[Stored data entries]
· · · · · · ·

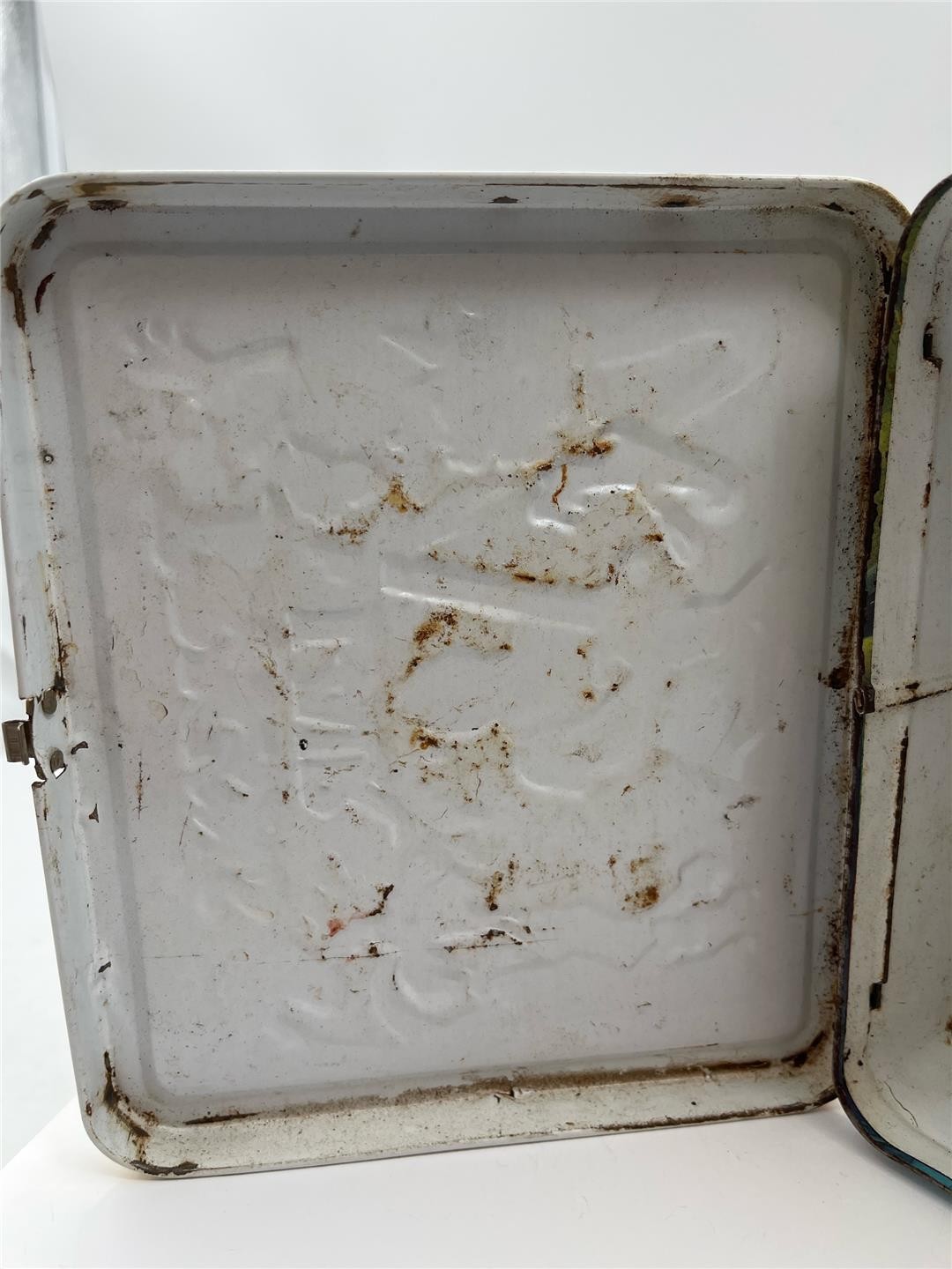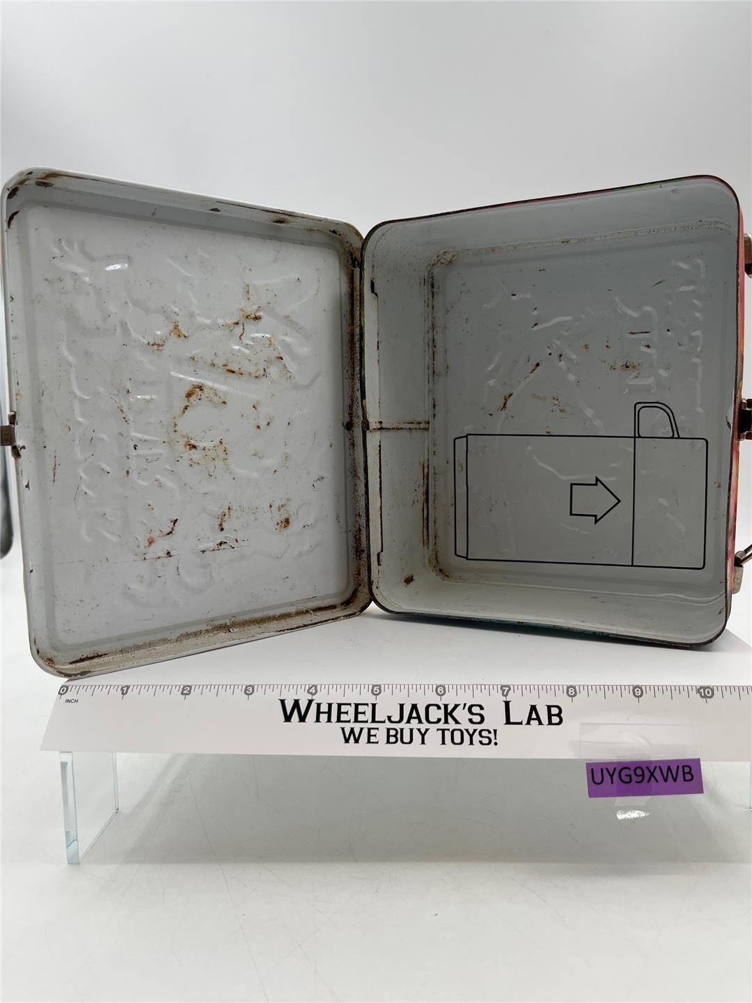 Condition: The lunchbox is made of metal and has some wear with scuffing and denting on both front and back sides. Some rust has formed on both exterior and interior of lunch box. Graphics are nice and bright. Latch and handle are intact and working. Latch has some rusting. Does not include thermos. Needs light cleaning. Comes as shown.
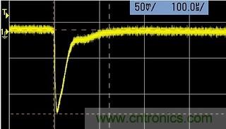 我们通常称之为电源的负载瞬态恢复时间,或者瞬态响应时间。它表征的是,当负载电流发生突然变化的时候,电源电压恢复到设定范围内所需要的时间。如图2所示:
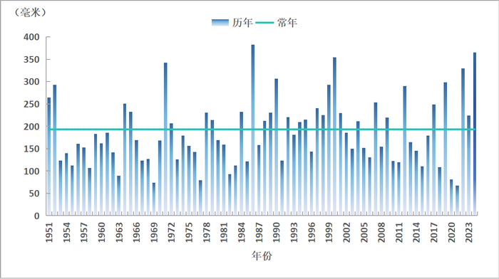 1951~2024年5月海南省平均降雨量变化图(单位:毫米)
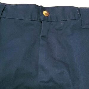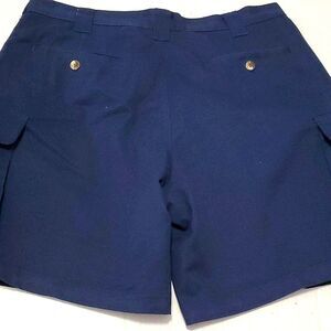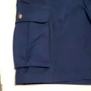 Navy flat front utility cargo shorts. Button and zipper closure. Two slit pockets on the front. Two buttoned cargo pockeys on the side. Two buttoned tailored pockets on the back. Twill material made of 65% polyester and 35% cotton.
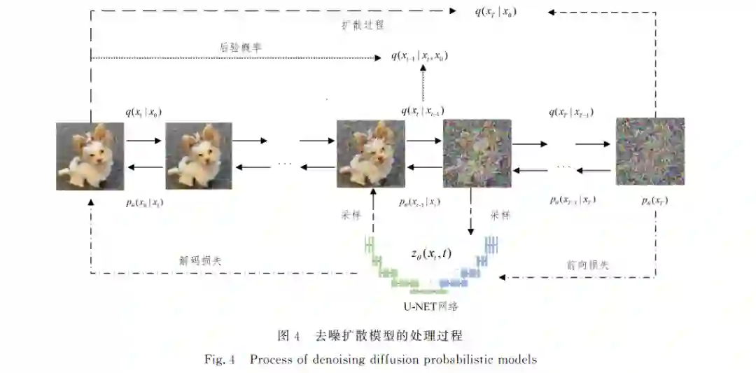 摘 要 扩散模型在生成模型领域具有高质量的样本生成能力,一经推出就不断地刷新图像生成评价指标 FID 分数的记录, 成为了该领域的研究热点,而此类相关综述在国内还鲜有介绍.因此,文中对相关扩散生成模型的研究进行汇总与分析.首 先,对去噪扩散概率模型、基于分数的扩散生成模型和随机微分方程的扩散生成模型这3类通用模型的特点和原理进行了论 述,就每一类基本扩散模型中以优化模型内部算法、高效采样为改进目标的相关衍生模型进行分析.其次,对当下扩散模型在 计算机视觉、自然语言处理、时间序列、多模态和跨学科领域等方面的应用进行总结.最后,基于上述论述,分别就目前扩散生成 模型存在的采样步骤多、采样时间长等局限性提出了相关建议,并结合前述研究对未来扩散生成模型的发展方向进行了研判. 关键词:深度学习;生成模型;去噪扩散概率模型;基于分数的扩散模型;随机微分方程;图像生成

· · · · · · ·

## TRY IT:
Starting with the line that holds "Navy flat front", return each line exactly through the final line of the entries above; pictures are not part of the output.

## TASK OUTPUT:
 Navy flat front utility cargo shorts. Button and zipper closure. Two slit pockets on the front. Two buttoned cargo pockeys on the side. Two buttoned tailored pockets on the back. Twill material made of 65% polyester and 35% cotton.
 摘 要 扩散模型在生成模型领域具有高质量的样本生成能力,一经推出就不断地刷新图像生成评价指标 FID 分数的记录, 成为了该领域的研究热点,而此类相关综述在国内还鲜有介绍.因此,文中对相关扩散生成模型的研究进行汇总与分析.首 先,对去噪扩散概率模型、基于分数的扩散生成模型和随机微分方程的扩散生成模型这3类通用模型的特点和原理进行了论 述,就每一类基本扩散模型中以优化模型内部算法、高效采样为改进目标的相关衍生模型进行分析.其次,对当下扩散模型在 计算机视觉、自然语言处理、时间序列、多模态和跨学科领域等方面的应用进行总结.最后,基于上述论述,分别就目前扩散生成 模型存在的采样步骤多、采样时间长等局限性提出了相关建议,并结合前述研究对未来扩散生成模型的发展方向进行了研判. 关键词:深度学习;生成模型;去噪扩散概率模型;基于分数的扩散模型;随机微分方程;图像生成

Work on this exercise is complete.